What you should do -> The answer is to be the lines below that lie between the line holding "右側に見えるらせん階段は屋上まで伸びている" and the line holding "- Vyplňte známé", inclusive, transcribed exactly and free of pictures.

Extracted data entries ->
+++

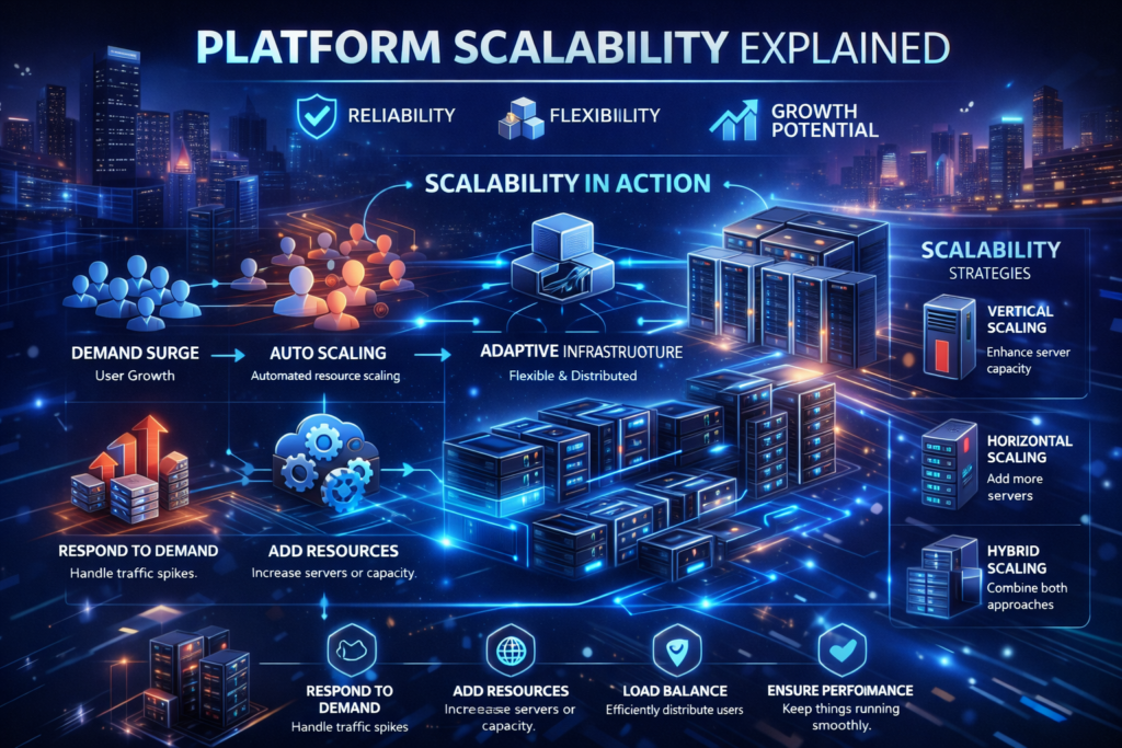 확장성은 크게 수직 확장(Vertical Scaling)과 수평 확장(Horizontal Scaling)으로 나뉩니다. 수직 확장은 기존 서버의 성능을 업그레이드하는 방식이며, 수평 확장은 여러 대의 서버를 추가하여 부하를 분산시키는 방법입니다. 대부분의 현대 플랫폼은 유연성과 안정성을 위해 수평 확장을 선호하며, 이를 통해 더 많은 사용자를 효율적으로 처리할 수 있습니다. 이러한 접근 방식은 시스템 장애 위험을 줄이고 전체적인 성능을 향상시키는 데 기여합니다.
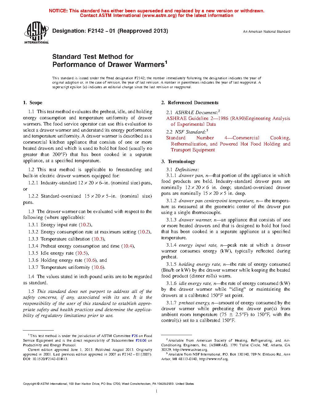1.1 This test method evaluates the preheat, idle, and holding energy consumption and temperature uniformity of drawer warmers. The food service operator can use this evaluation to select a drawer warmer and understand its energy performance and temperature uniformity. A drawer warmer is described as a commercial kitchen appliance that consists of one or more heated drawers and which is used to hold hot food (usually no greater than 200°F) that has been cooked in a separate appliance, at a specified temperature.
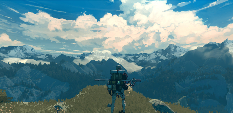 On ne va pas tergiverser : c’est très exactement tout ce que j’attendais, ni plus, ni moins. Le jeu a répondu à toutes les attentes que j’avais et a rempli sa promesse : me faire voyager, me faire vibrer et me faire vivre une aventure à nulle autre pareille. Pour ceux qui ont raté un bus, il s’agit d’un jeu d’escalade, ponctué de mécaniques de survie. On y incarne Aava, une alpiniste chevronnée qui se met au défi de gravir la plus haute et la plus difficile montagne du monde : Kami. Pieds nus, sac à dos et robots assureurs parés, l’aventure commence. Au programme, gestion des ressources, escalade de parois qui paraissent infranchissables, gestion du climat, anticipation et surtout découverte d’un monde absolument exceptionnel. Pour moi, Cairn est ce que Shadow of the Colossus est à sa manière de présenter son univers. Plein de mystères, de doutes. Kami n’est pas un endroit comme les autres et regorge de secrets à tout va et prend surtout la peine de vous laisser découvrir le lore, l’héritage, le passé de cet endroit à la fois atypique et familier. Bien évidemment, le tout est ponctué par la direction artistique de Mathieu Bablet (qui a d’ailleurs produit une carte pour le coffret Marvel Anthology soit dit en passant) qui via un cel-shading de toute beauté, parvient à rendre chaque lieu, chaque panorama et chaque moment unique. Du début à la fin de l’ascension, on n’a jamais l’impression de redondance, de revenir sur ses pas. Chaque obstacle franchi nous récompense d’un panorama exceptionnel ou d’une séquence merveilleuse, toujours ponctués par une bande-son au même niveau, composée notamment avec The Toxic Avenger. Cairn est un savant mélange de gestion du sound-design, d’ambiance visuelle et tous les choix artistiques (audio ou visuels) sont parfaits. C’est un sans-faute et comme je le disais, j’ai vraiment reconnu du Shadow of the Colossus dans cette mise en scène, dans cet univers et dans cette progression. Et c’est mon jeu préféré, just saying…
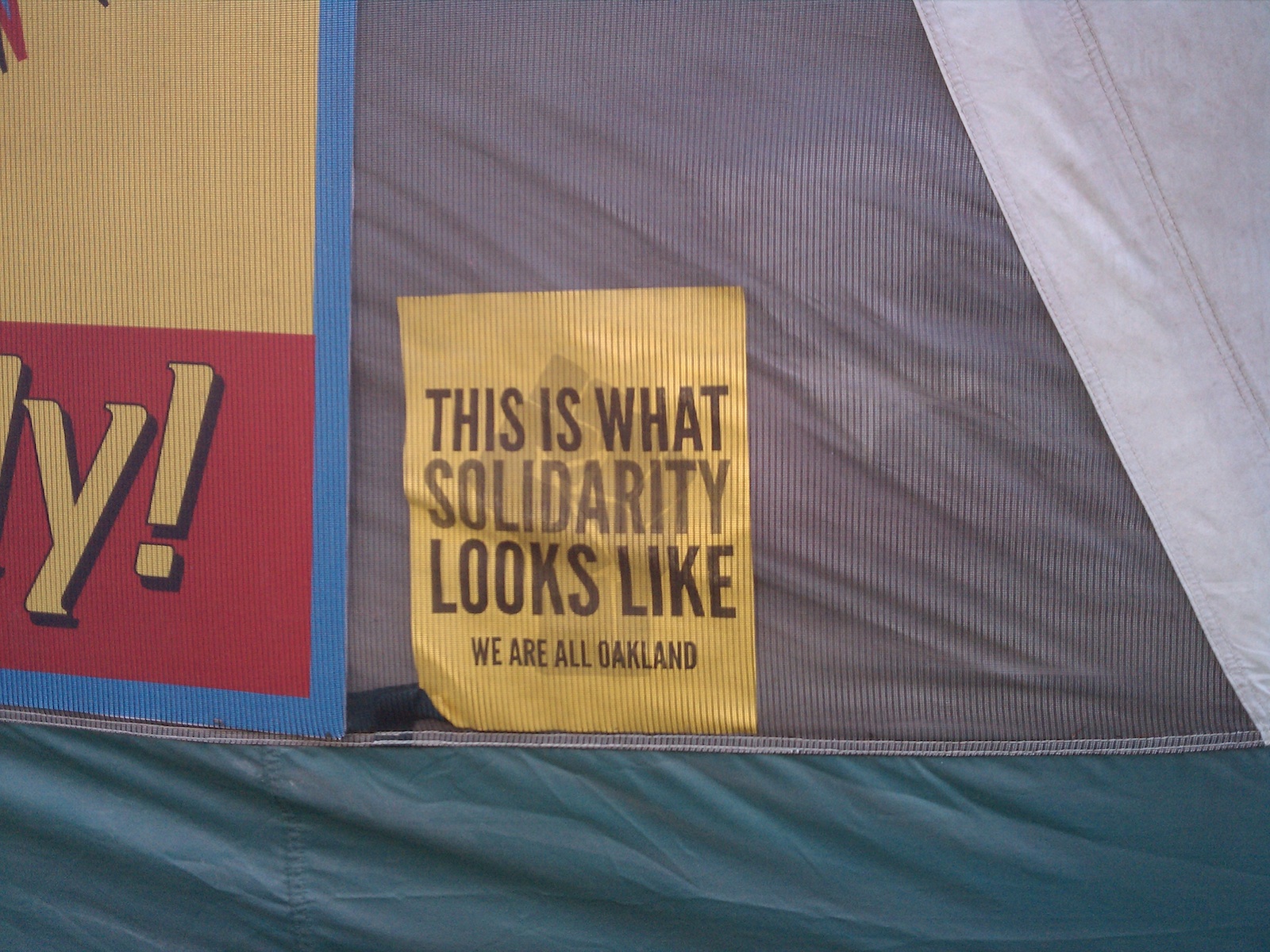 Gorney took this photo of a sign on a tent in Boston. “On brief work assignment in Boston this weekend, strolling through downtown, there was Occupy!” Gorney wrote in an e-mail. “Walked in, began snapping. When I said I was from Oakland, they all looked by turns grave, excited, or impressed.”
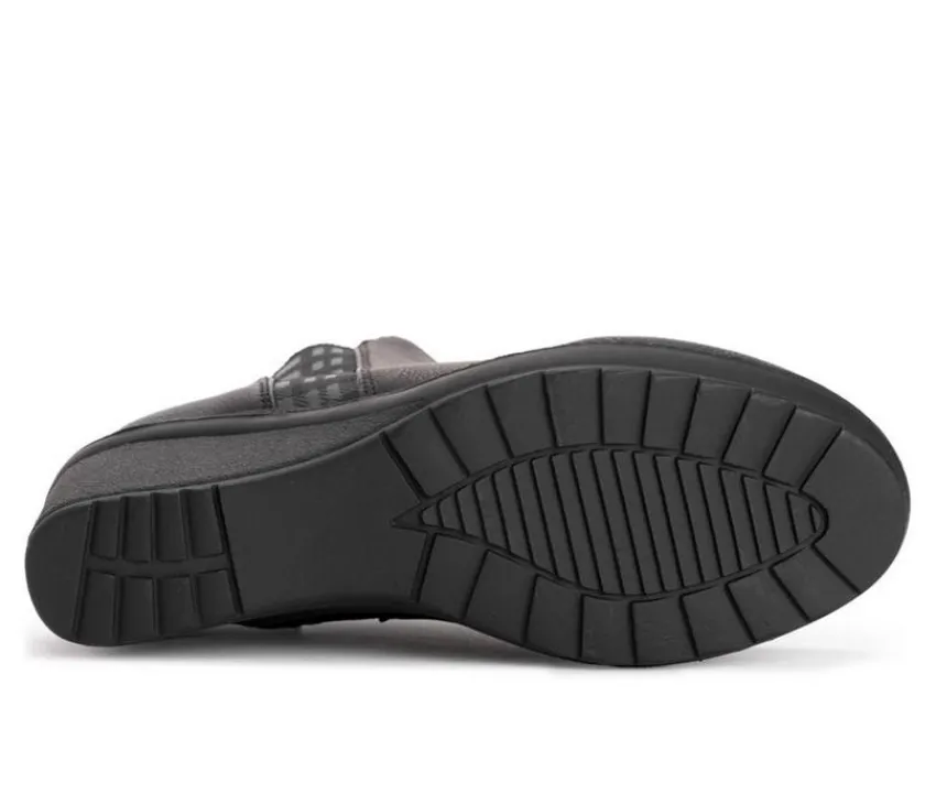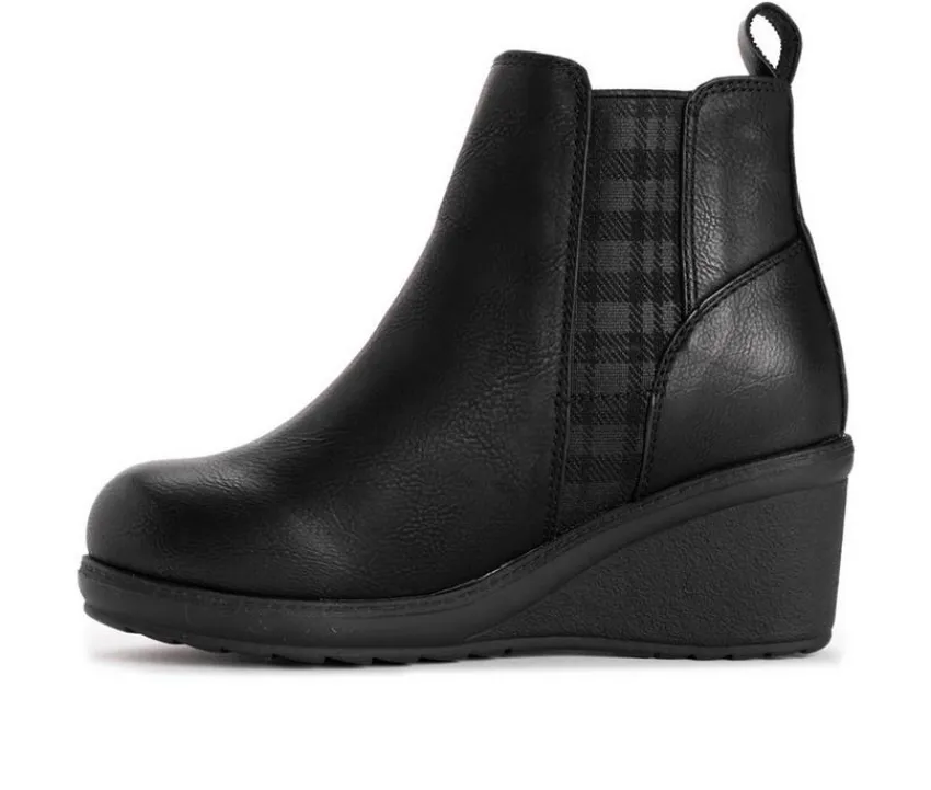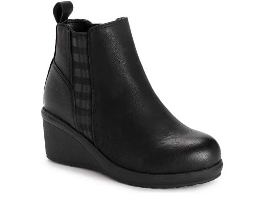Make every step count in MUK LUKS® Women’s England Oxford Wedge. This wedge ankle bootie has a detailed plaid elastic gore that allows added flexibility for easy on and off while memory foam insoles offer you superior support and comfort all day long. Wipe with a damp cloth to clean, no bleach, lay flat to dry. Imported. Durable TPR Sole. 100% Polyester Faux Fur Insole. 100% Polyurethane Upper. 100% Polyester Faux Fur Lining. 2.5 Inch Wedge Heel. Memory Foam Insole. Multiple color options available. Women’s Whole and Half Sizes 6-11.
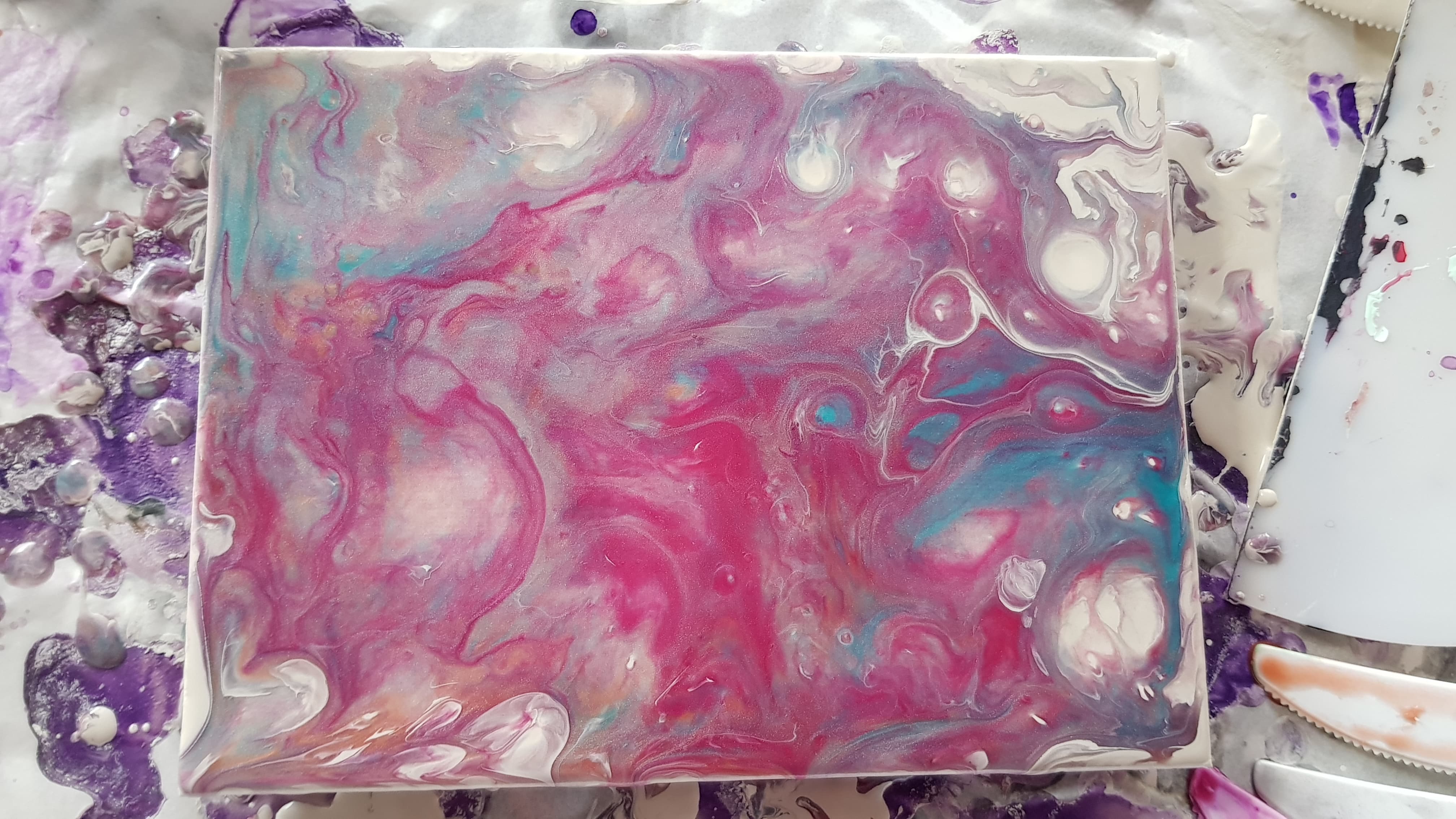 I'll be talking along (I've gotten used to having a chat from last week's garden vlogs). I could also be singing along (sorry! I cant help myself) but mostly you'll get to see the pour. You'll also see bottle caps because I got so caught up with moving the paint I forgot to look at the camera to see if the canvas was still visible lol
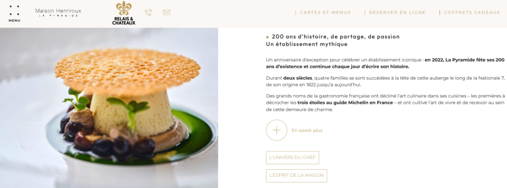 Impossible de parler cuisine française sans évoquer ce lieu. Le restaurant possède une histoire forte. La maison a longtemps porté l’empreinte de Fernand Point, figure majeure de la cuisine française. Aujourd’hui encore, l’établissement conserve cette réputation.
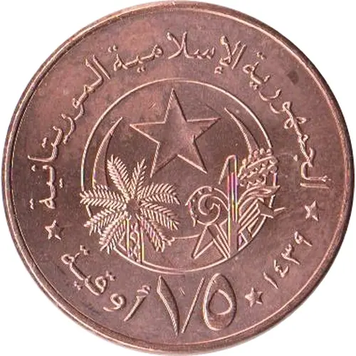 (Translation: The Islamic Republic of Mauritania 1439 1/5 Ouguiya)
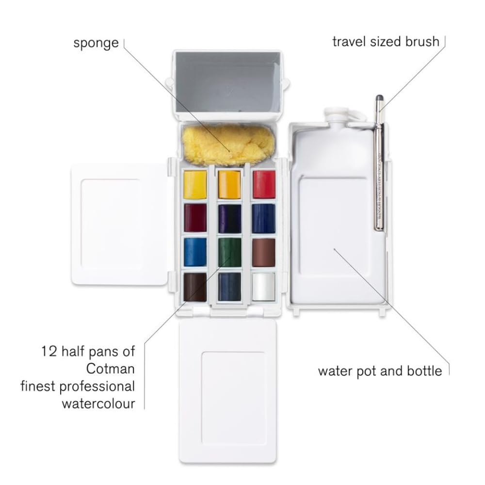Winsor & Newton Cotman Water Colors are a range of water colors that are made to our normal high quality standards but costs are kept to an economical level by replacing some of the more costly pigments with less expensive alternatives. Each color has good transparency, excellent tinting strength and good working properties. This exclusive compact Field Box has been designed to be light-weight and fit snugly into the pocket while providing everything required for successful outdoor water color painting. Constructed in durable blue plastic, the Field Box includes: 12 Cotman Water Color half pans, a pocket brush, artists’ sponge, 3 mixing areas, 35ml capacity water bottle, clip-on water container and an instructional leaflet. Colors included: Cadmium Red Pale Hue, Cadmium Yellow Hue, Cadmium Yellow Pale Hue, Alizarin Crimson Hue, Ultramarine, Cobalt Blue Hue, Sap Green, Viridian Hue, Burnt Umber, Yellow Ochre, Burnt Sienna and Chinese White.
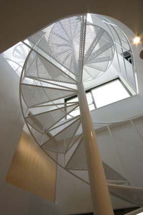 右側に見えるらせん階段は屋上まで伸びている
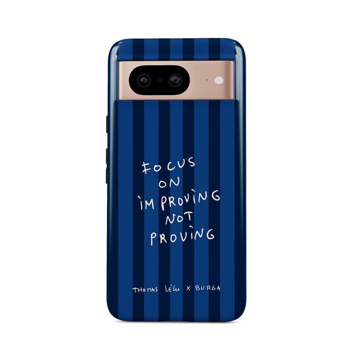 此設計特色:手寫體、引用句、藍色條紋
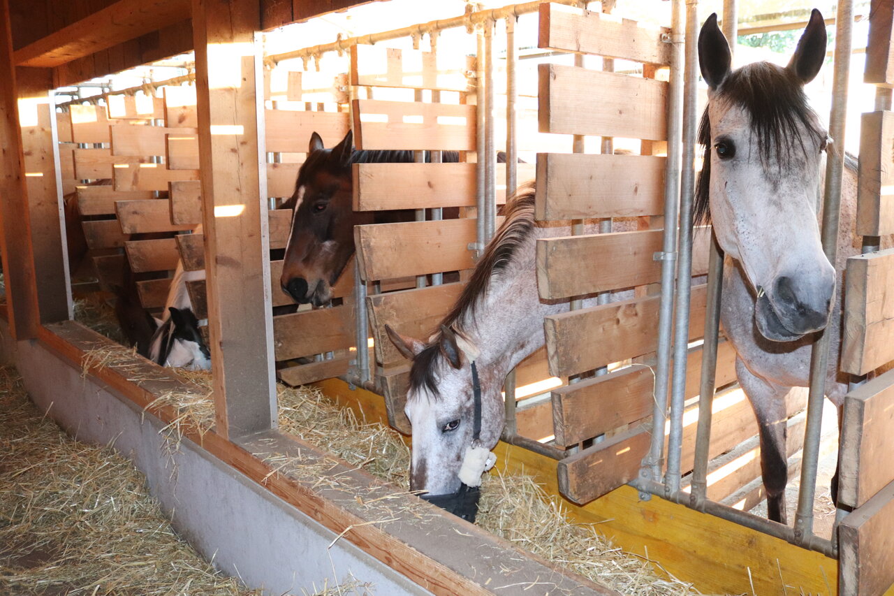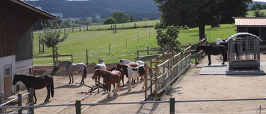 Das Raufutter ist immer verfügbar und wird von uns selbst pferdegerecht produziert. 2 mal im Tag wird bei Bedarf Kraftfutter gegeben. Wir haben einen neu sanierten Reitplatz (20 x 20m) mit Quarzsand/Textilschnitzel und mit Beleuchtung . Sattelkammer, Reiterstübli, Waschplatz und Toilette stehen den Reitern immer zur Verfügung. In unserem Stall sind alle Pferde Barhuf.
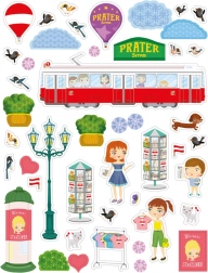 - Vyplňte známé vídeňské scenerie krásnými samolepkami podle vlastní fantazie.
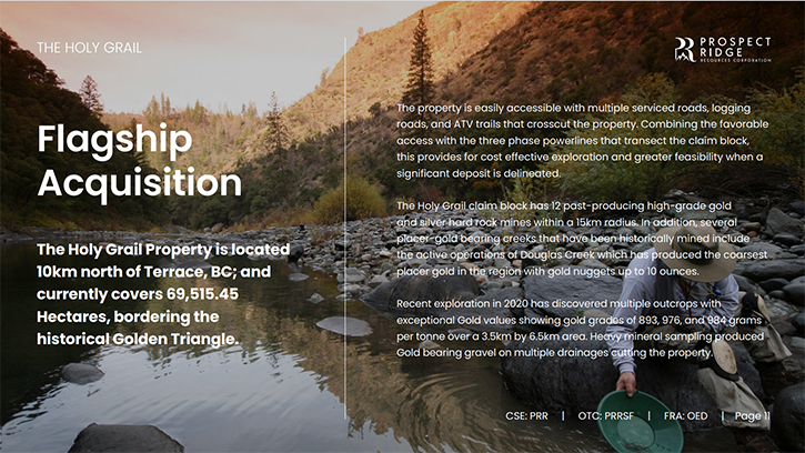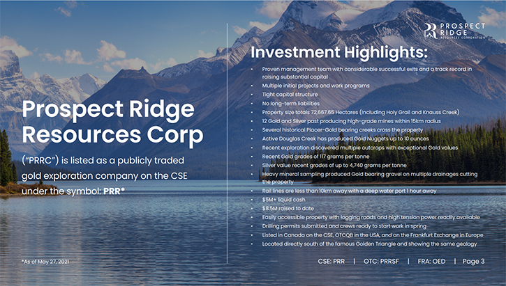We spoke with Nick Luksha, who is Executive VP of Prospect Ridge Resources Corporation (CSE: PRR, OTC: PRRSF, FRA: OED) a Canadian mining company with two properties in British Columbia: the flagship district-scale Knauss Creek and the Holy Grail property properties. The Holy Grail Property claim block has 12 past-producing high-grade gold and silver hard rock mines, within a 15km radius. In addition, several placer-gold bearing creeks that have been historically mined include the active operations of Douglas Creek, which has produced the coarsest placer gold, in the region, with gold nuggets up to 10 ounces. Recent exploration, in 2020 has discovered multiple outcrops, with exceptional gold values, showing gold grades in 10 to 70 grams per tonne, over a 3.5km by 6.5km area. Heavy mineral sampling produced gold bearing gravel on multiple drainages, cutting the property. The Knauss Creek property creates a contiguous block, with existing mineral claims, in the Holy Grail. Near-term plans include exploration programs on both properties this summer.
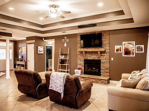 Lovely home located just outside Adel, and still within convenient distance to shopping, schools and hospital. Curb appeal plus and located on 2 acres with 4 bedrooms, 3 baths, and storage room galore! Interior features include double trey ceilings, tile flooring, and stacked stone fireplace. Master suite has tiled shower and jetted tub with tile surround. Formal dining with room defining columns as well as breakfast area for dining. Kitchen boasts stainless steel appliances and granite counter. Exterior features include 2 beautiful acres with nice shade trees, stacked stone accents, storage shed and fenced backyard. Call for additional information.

+++

Solution ->
 右側に見えるらせん階段は屋上まで伸びている
 此設計特色:手寫體、引用句、藍色條紋
 Das Raufutter ist immer verfügbar und wird von uns selbst pferdegerecht produziert. 2 mal im Tag wird bei Bedarf Kraftfutter gegeben. Wir haben einen neu sanierten Reitplatz (20 x 20m) mit Quarzsand/Textilschnitzel und mit Beleuchtung . Sattelkammer, Reiterstübli, Waschplatz und Toilette stehen den Reitern immer zur Verfügung. In unserem Stall sind alle Pferde Barhuf.
 - Vyplňte známé vídeňské scenerie krásnými samolepkami podle vlastní fantazie.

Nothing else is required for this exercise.